Oliver Balch talks to Louise Nicholls of Marks and Spencer about the task responsibly sourcing their products

Louise Nicholls has worked for Marks and Spencer (M&S) for over 20 years, and has been leading the retailer’s ethical trade programme for over a decade. She formed part of the small team that developed the company's ground-breaking Plan A, a 100-point, five-year plan to address a wide range of environmental and social issues. Louise was also instrumental in setting up the supplier data exchange initiative, Sedex. Much of her time is spent travelling the world to meet and interact with M&S’ global supply base. She will be speaking about impact measurement for responsible resourcing at this year's Responsible Business Summit.

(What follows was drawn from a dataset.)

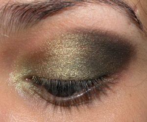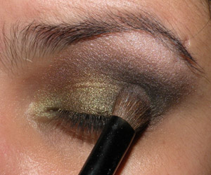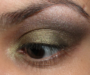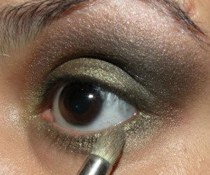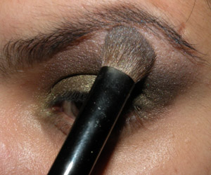 Ainda com o SS239, apliquei a sombra suspicion (MAC) no canto externo do olho e esfumei em direção à sombra oliva.

Ethical Corporation: M&S is investing considerable finance and human resources in promoting responsible sourcing. What motivates this investment?

Louise Nicholls: If we work with workplaces that have really engaged employees, good management systems and safe working conditions, then the evidence shows a very clear set of business benefits. It [responsible business practice] reduces staff absenteeism and it’s often associated with higher productivity and quality too. So there is a clear win-win for us as a business.

We also know that the more we understand the supply chain, then the more opportunities open up to us as a business. End-to-end supply chain mapping helps us to become more efficient, for instance. It enables us to be much more resilient too because we understand where we source from and what the possible risks are. The ability to identify unique points of difference, as well as to explore new emerging products and new models of working also sets our business at an advantage.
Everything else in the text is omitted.